Necropolis, Steam’s Latest Hit, Is Not Very Good

Necropolis, Steam’s Latest Hit, Is Not Very Good

Necropolis is a cool-looking game from cool developers that looks cool sitting atop Steam’s top sellers list. It’s got the feel of a surefire hit. It’s also really not very good at all.

I’ve played a few hours of Necropolis now, and I hate to say it, but I’m bored. The game’s a third-person action roguelite with overt Dark Souls influences, and it comes from Harebrained Schemes, the folks who brought us the recent (and very good) Shadowrun games. You can watch me play in the video above.

As you probably noticed, it’s got a snazzy stylised look, and all the characters wear sweet-arse scarves. The game screams “COOL” almost as loudly as its baddies scream “EEEEEARRRGHHHSCARYNOISE” all the damn time.

It’s almost fitting that a lot of those enemies are skeletons, because Necropolis doesn’t have much meat on its bones. (That said, the skeletons frequently drop actual hunks of meat that you can eat to regain health, which seems counter-intuitive because, you know, skeletons.
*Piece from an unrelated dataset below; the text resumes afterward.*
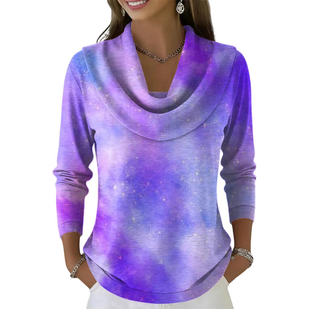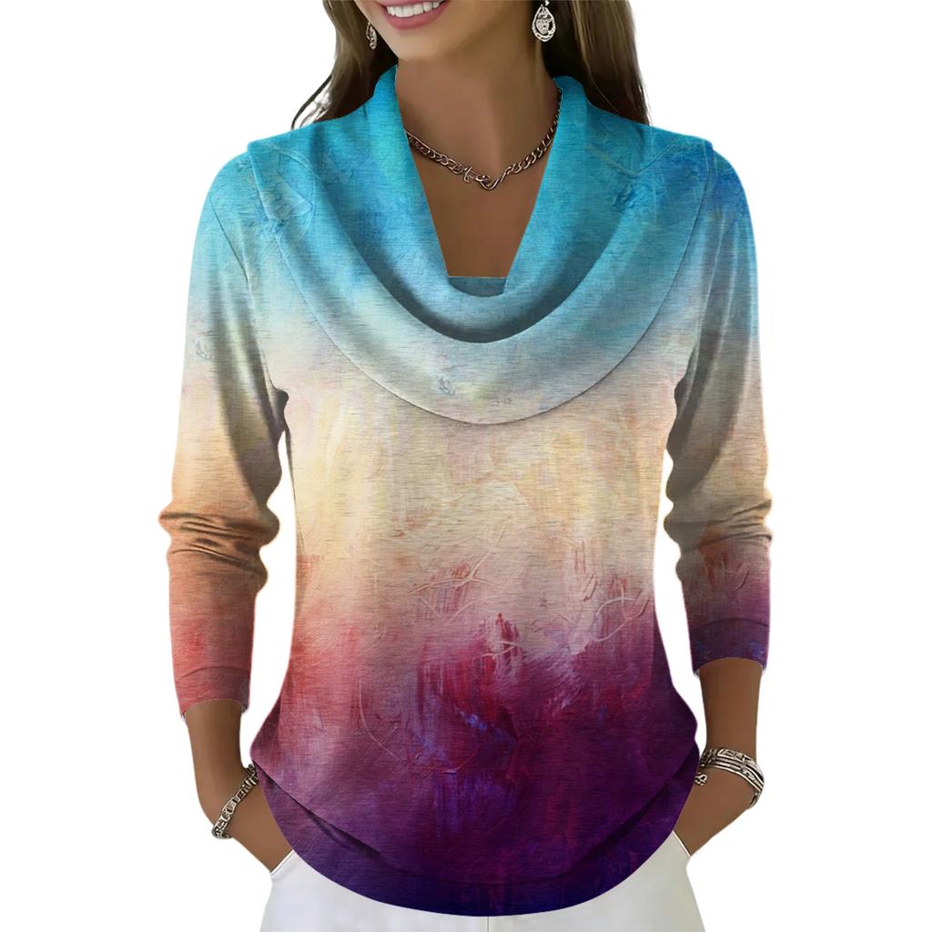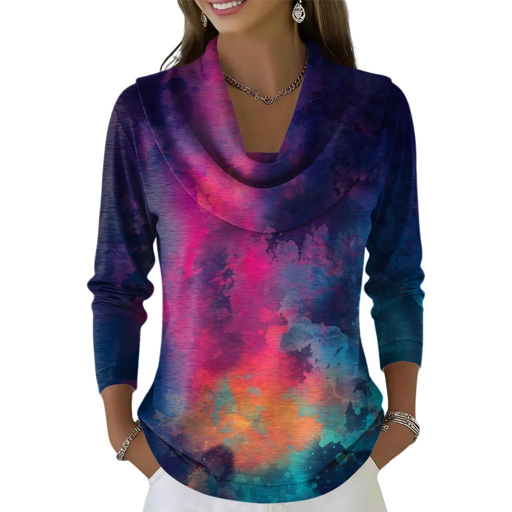 Женский повседневный и модный топ с длинными рукавами и принтом, с круглым вырезом

But I’m getting away from myself.)

Necropolis, Steam’s Latest Hit, Is Not Very Good

You delve ever deeper into randomly generated dungeons, fighting groups of enemies with extremely basic attack patterns, using only a few different types of weapons. Combat is repetitive and unsatisfying, and each floor of the dungeon is punctuated by little more than a health increase and a trip down to the next floor. No boss fights, no surprises aside from some light story stuff. Even loot quickly grows tiresome, since many weapons confer slight (but never displayed or otherwise de-mystified) stat bonuses while feeling almost exactly like other weapons. Necropolis is just hallway after hallway of winding monotony.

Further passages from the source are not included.